Hacker Newsnew | past | comments | ask | show | jobs | submitlogin

It's an efficient point in solution space for the human reward model. Language does things to people. It has side effects.

What are the side effects of "it's not x, it's y"? Imagine it as an opcode on some abstract fuzzy Human Machine. If the value in 'it' register is x, set to y.

LLMs basically just figured out that it works (via reward signal in training), so they spam it all the time any time they want to update the reader. Presumably there's also some in-context estimator of whether it will work for _this_ particular context as well.
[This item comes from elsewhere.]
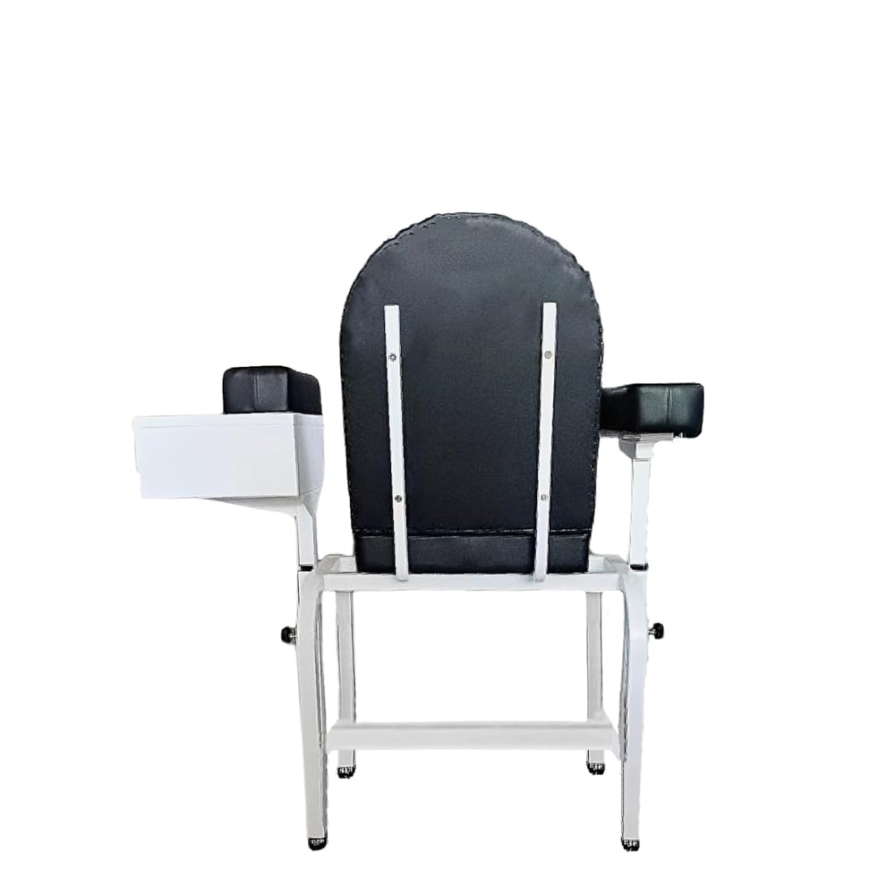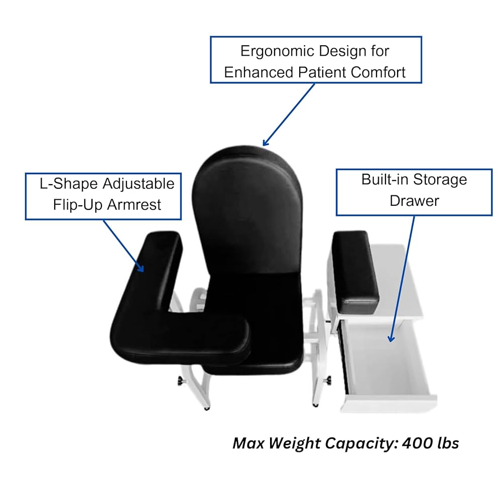 مقعد مبطن مريح ومسند ذراع قابل للتعديل: يتميز كرسي سحب الدم بارتفاع إجمالي 36.25 بوصة، وارتفاع المقعد 17.15 بوصة، ومقعد بعرض 20 بوصة مع بطانة سميكة بسمك 2 بوصة على المقعد ومساند الذراعين ومسند الظهر لتوفير الراحة. يمكن قلب مسند الذراع القابل للتعديل وتثبيته في مكانه، مما يجعله مثاليًا لسحب الدم وفحص ضغط الدم.

I've written about this before, but it's just meta-signaling. If you squint hard at most LLM output you'll see that it's always filled with this crap, and always the update branch is aligned such that it's the kind of thing that would get reward.

That is, the deeper structure LLMs actually use is closer to: It's not <low reward thing>, it's <high reward thing>.

Now apply in-context learning so things that are high reward are things that the particular human considers good, and voila: you have a recipe for producing all the garbage you showed above. All it needs to do is figure out where your preferences are, and it has a highly effective way to garner reward from you, in the hypothetical scenario where you are the one providing training reward signal (which the LLM must assume, because inference is stateless in this sense).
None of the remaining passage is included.